Quiconque a suivi sa carrière depuis son avènement au tournant des années 2000 dans le petit monde protéiforme du jazz français (au sein de l’Orchestre national de jazz de Paolo Damiani, du MegaOctet d’Andy Emler et à la tête de ses propres formations joyeusement foutraques comme DPZ & The Holy Synths) sait que Thomas de Pourquery, en plus d’être un formidable styliste du saxophone alto dans la lignée de son mentor Stefano Di Battista, possède un vrai goût pour la pop culture, et de réels talents de chanteur qu’il distille à intervalles réguliers en projets alternatifs parfaitement insituables.

Parallèlement à son exploration virtuose de tous les idiomes propres au jazz contemporain (du post-hard bop le plus orthodoxe au jazz cosmique psychédélique hérité de Sun Ra), Thomas de Pourquery a au fil des années multiplié les occasions de se coltiner à la « chanson » – mettant sa voix à l’honneur dès 2004 au cœur de la fanfare free-punk Rigolus pour dérouler ce fil avec le groupe VKNG, le projet The Endless Summer et en 2020 la création de Von Pourquery, sorte d’avatar baroque aux allures de crooner ogresque, pour laisser libre cours à ses rêves de pop moderne, effleurées lors de collaborations avec Metronomy, François And The Atlas Mountains, The Shoes ou James The Prophet.

Conçu en étroite collaboration avec le producteur Yodélice, Let the Monster Fall vient revisiter, ré-envisager et « réaliser » en une sorte de synthèse constamment maîtrisée de toutes les intuitions disséminées dans ces prototypes. Plongé dans l’écrin luxuriant d’une petite formation délicieusement organique composée de compagnons de la première heure (Sylvain Daniel à la basse électrique, David Aknin à la batterie) et de musiciens venus de la pop indé la plus actuelle (Etienne Jaumet au synthétiseur modulaire et au saxophone ; Akemi Fujimori aux claviers et aux chœurs), Thomas de Pourquery met le timbre chaud et les inflexions résolument lyriques de sa voix de crooner post-moderne au service de petites chansons pop. Des chansons originales aussi brillantes que schizos dans leur façon de se parer d’exubérances psychédéliques et de grooves solaires irrésistibles, tout ça superposé à des textes très intimes aux humeurs parfois sombres, voire carrément dépressives.
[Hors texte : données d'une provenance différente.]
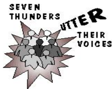
[VOICES OF HERESIES]

that, but these seven men are the seven thunders themselves, who will utter a revelation to give the Bride of Christ rapturing faith. This teaching, he illustrated on the diagrams below taken from one of his books.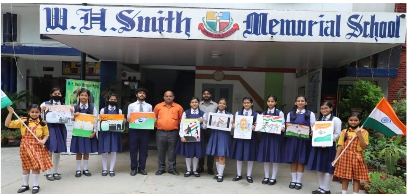
Students with PAINTINGS on I Love My Country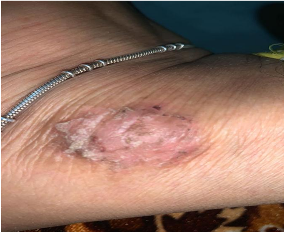
During treatment picture of eczematous eruption on right ankle (1/10/23)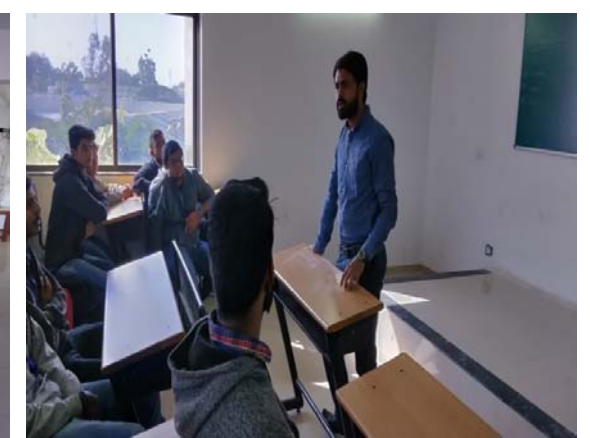
Students from EC & EE with their queries after session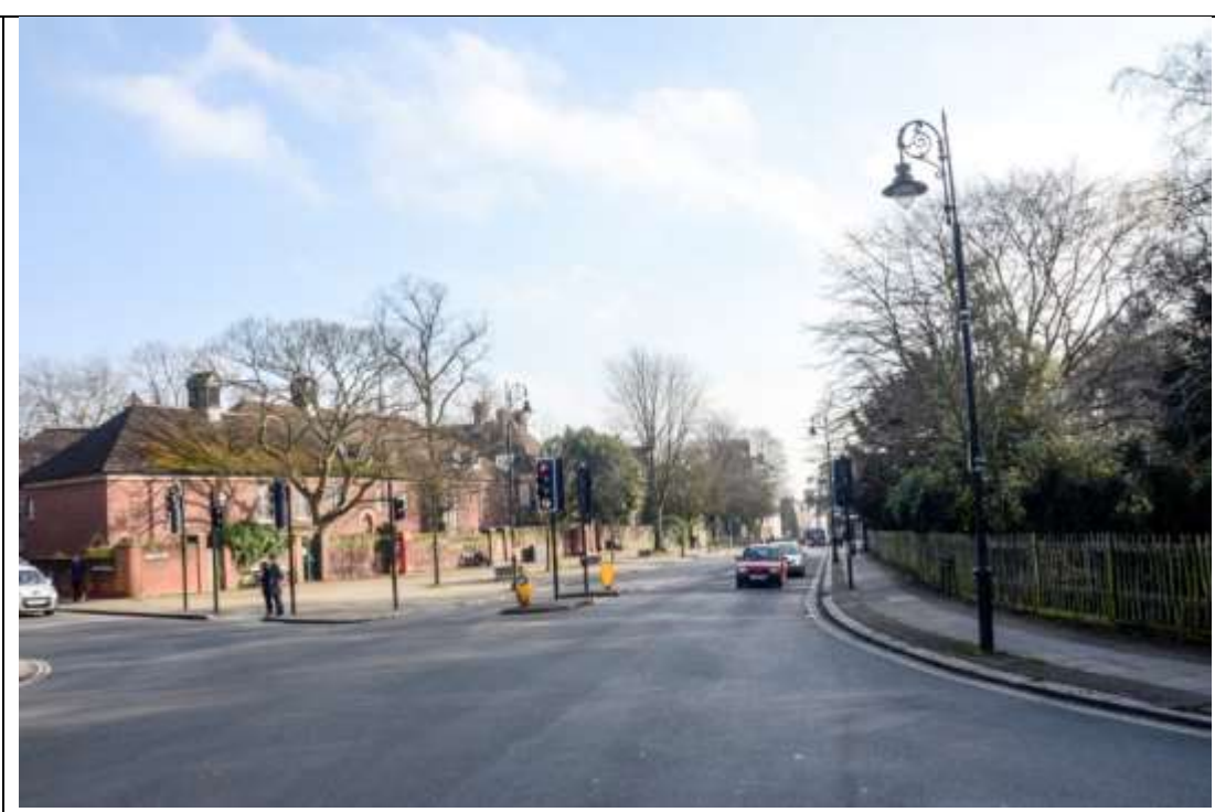
View looking south toward Heath Street, low-built Queen Mary's on left; green open space of Whitestone Gardens on right

The space is wide offering pedestrians, cyclists and vehicle users a wide vista. The boundary wall of Queen Mary Hospital offers some enclosure to the space with the low rise buildings of the hospital site siting well back from the wall and inconspicuous in the view. Another important open space to the right; Hampstead Whitestone Gardens, reinforces the sense of the Heath penetrating the built up area of the village, blurring the edges of the two.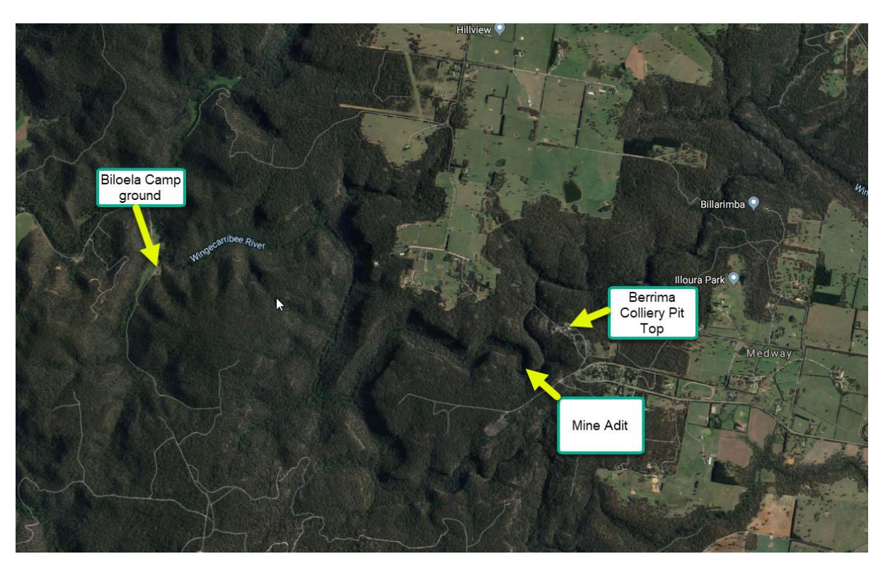
Biloela Campground downstream from mine adit discharge point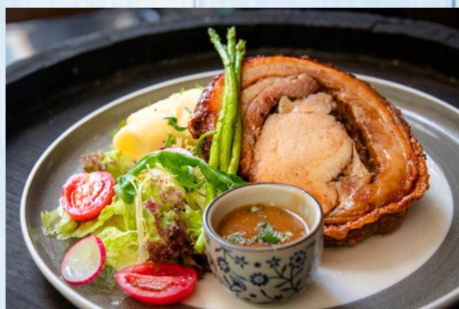
Housemade Roasted Porchetta 脆口香草羅馬式烤豬腩卷

Jouant avec maestria, au gré d’arrangements aussi efficaces qu’inventifs, d’une vaste palette de sonorités mêlant acoustique et électronique, Thomas de Pourquery décline tout du long, sans en faire un programme, ce conflit entre l’ombre et la lumière toujours présent en filigrane dans sa musique. A l’image de Soleil, seul titre en français de l’album, chanté en duo avec Clara Ysé, Let the Monster Fall peut être considéré comme une sorte de victoire momentanée de l’utopie sur la mélancolie.